# mackrack, dictionnaire



## johny12 (4 Juillet 2008)

bonjour,

je ne sais pas s'il a sa place ici, si non, prière de le déplacer à la bonne place


Je chercherais en premiers un dictionnaire francais  ( contennant a peu près tout les mots francais donc ^^)

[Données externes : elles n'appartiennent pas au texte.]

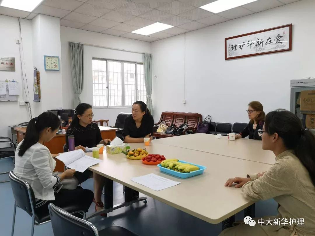 来自岭南医院护理部的余婷总护长、杨雯护长和唐财兴老师,在于凤兰老师、黄洛莹老师及永利集团3044欢迎你各位辅导员、教务员老师的陪同下走进了护理基础实验室。随后,在接待室里,我院副院长陈千老师、Susan教授、于凤兰老师等分别和岭南医院的老师进行了亲切交谈。

Deuxièmement, quelqu'un pourrais, s'il vous plaît m'explique comment je pourrais tester la sécurité de mon mot de passe avec mackrack svp http://www.toocharger.com/telecharger/logiciels/mackrack/15847.htm 
http://www.macupdate.com/info.php/id/14710
 (marche a suivre)

Merci


----------



## DeepDark (4 Juillet 2008)

Un certain widget tout récent fais très bien cela 

Ou alors directement en ligne


----------



## johny12 (4 Juillet 2008)

En fait je cherche un dictionnaire francais pour l'ajouter a une application ( word)


----------



## DeepDark (4 Juillet 2008)

johny12 a dit:


> En fait je cherche un dictionnaire francais pour l'ajouter a une application ( word)


Ah dans ce cas : Antidote 

Il faut investir mais ça vaut le coup et il est très, très, très bon 

En gratuit je connais pas...


----------



## johny12 (4 Juillet 2008)

Et pour le test du mot de passe, une idée sur comment faire ?


----------